In the beginning, Pelayo and Elisenda only take “care” of the strange old man when they heavily benefit from him by charging five cents admission to see him. But when a spider woman comes—offering a much easier moral lesson to understand—people pay less attention to the angel because they do not genuinely care about him spiritually. The old man is dragged here and there. The chicken coop house of the old man collapses due to rain and sun, but they selfishly don’t repair it once he stops generating revenue.


d. The story deals with the common people’s gullibility. How do Pelayo and his wife take advantage of common people’s whim?

The story beautifully deals with the common people’s gullibility. Pelayo and his wife saw an old man with wings in their garden. When they wanted to talk with him, he answered in an impenetrable dialect. So they called an old woman who was known as a witch. She confidently called the old man an “angel” who came to take their child. Pelayo pulled him out of the mud and locked him up with the hens in the wire chicken coop.
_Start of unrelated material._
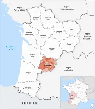 ![]() Lage des Départements Lot-et-Garonne in der Region Nouvelle-Aquitaine | |
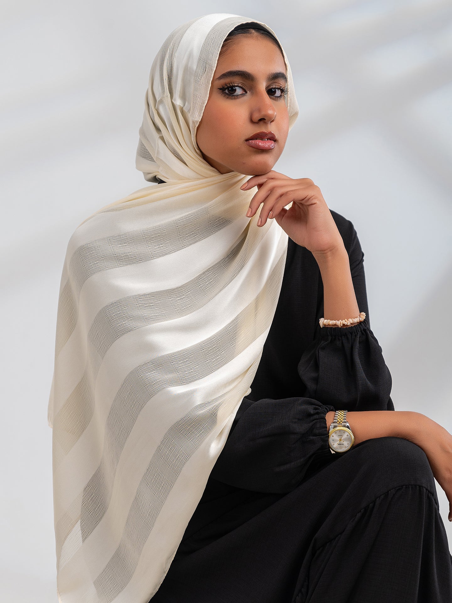 Satin blend scarf adds a touch of elegance to any outfit with its subtle striped design. Made from high quality materials, it offers a soft and lightweight feel, perfect for all-day wear. Elevate your style effortlessly with this luxurious accessory.

A short time afterwards, the sick child woke up without a fever and with a healthy desire to eat. They now felt like magic just happened. Then they felt momentarily generous and decided to put the old man on a raft with fresh water and provisions to leave him to his fate on the high seas. But when they got up early in the morning and saw that their courtyard was completely full of crowds, they were amazed. The news of the angel spread like a fire. People didn’t even listen to Father Gonzaga’s logical voice that he was not an angel.

Seeing this gullibility, Pelayo’s wife, Elisenda, got a brilliant, greedy idea to fence in the yard and charge five cents admission to see the angel. By heavily taking advantage of the common people’s whim and obsession with the supernatural, they gathered a massive amount of wealth from it and built a luxurious mansion for themselves, treating the angel merely as a profitable circus freak.